Well that was this day. My dad and Richard were on poop duty and the hose they connected to the house boat, didn't quite connect properly. It took the two of them holding the hose in place in order for the sucking to happen. BUT little bitty poopage would squirt out through the broken seal and before long the hands of Richard and my dad were covered in sewage speckles. And the hands didn't want to be alone, so their shirts and faces and neck and hair got little free-flying squirts from time to time. Now imagine it! You can't wipe it off, because your hands are covered and making a sort of seal...removing your hands removes that so-called seal and more squirt action occurs. So are we on the same page, here?
It's a HOT summer day - and at Lake Powell, hot days are real scorchers. So those of us who weren't on poop duty went and shopped in the little "store" and talked amongst ourselves and purchased ice cream cones. Yummers! What a relief from the heat of the day. My mom and my aunt Sherry (Gene's ex-wife), being the kind hearted thoughtful moms that they are, bought an ice cream cone for each Richard and my Dad.
So, Richard and my dad are still holding the poop hose in place and cursing under their breath but are afraid to out right yell the obsenities for the obvious reason: if the poop is flying anywhere near their mouth, they're liable to get some of it in there with those cursings and obsenities. So they keep it to a mumbling grumble. My sweet aunt Sherry says, "here, Jay, we got you an ice cream cone."
Now my dad can lack a little tact at times, but I gotta say, I empathize with this situation.
He tells Aunt Sherry, "Not right now." Now does he really have to explain why taking the cone at THIS instant isn't a good idea?
He chooses not to explain.
"Well, here, we got it for you." She hands the cone in his direction.
"Not right now." grumble grumble....squirtage still flying.
"But it's for you," cone still out there for the taking.
Now my mom still gets angry about the sequence of events that followed that offer. Me, I always LMAO! It was funny! It's still funny after all these years! It makes me laugh just thinking about it!

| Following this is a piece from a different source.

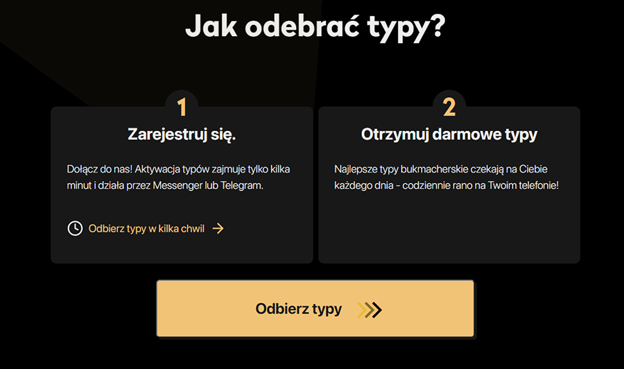 To bardzo łatwy proces, który został maksymalnie uproszczony. Na portalach społecznościowych pojawiają się reklamy związane z typami premium, więc wystarczy się z nimi skontaktować przez właśnie jedną z nich. Można również wejść bezpośrednio na stronę premiumtypy.pl i tam wybrać odpowiednią dla siebie metodę komunikacji. Premium Typy są dostępne na Messengerze oraz Telegramie, więc nikt nie powinien mieć kłopotu z komunikacją. Na czacie będziemy rozmawiać z konsultantem, który zapewni nam otrzymanie typów.
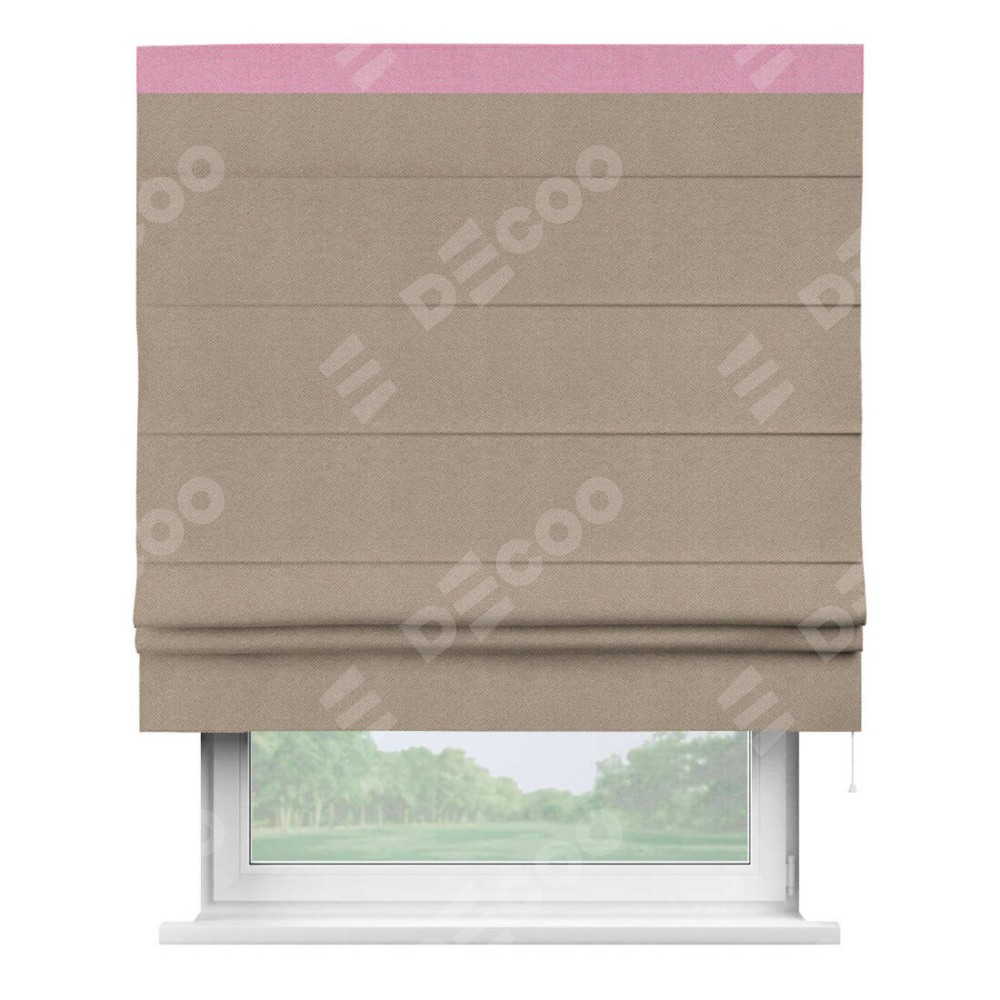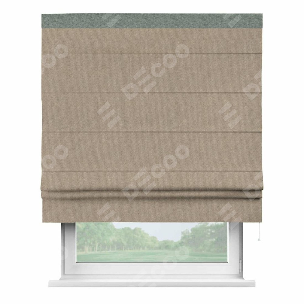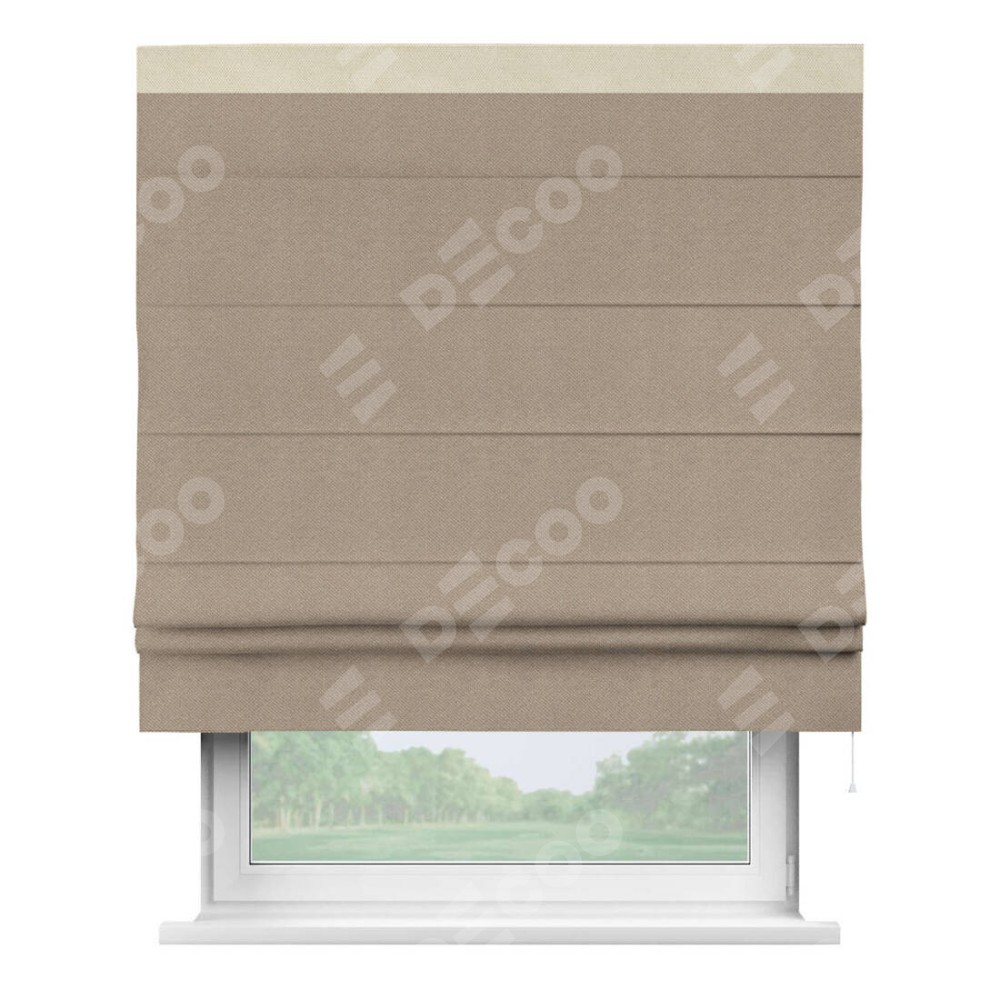 Римская штора производителя «Cortin», используется для проёма, пошита из ткани лён димаут светло-бежевый, артикул 00002. Отделка шторы кантом «Кинг», ткань для канта используется из льна димаут разной расцветки на выбор. Имеет универсальный механизм и подходит для монтажа: на потолок, на стену и в нишу.

My dad, in all his tactful glory, takes the cone and tosses it carelessly into the lake behind him. I can't remember if he even said, "thank you" or some other facetious comment. He places his hand back to continue the poop suckage.
I don't remember all that took place immediately following that action, but I think of it every time someone offers me some food I DON'T WANT. Whether or not I'm on a diet is beside the point.
Dude, I don't want your brownie...the end. Seriously, I don't care how good a cook you or your wife is, I don't want it. I always think, should I just take it and throw it in the garbage or should I stand my ground with courteous no thank you's. I usually say, "Coworker (place a name here), thank you, but I am not going to have one, okay? But I appreciate your thoughtfulness. Please don't keep pressuring me, okay?"
But I always feel I'm such a jerk, like their feelings are hurt for life. For the record, though, I don't take whatever they are offering just to make them feel better - frankly, it's not a good enough reason. Does that make me a bad person?
Anyway, so there's my dieting woes for the day. I cry: Saboteurs! BUT, and herein lies the biggest BUT, I move forward UNDETERRED!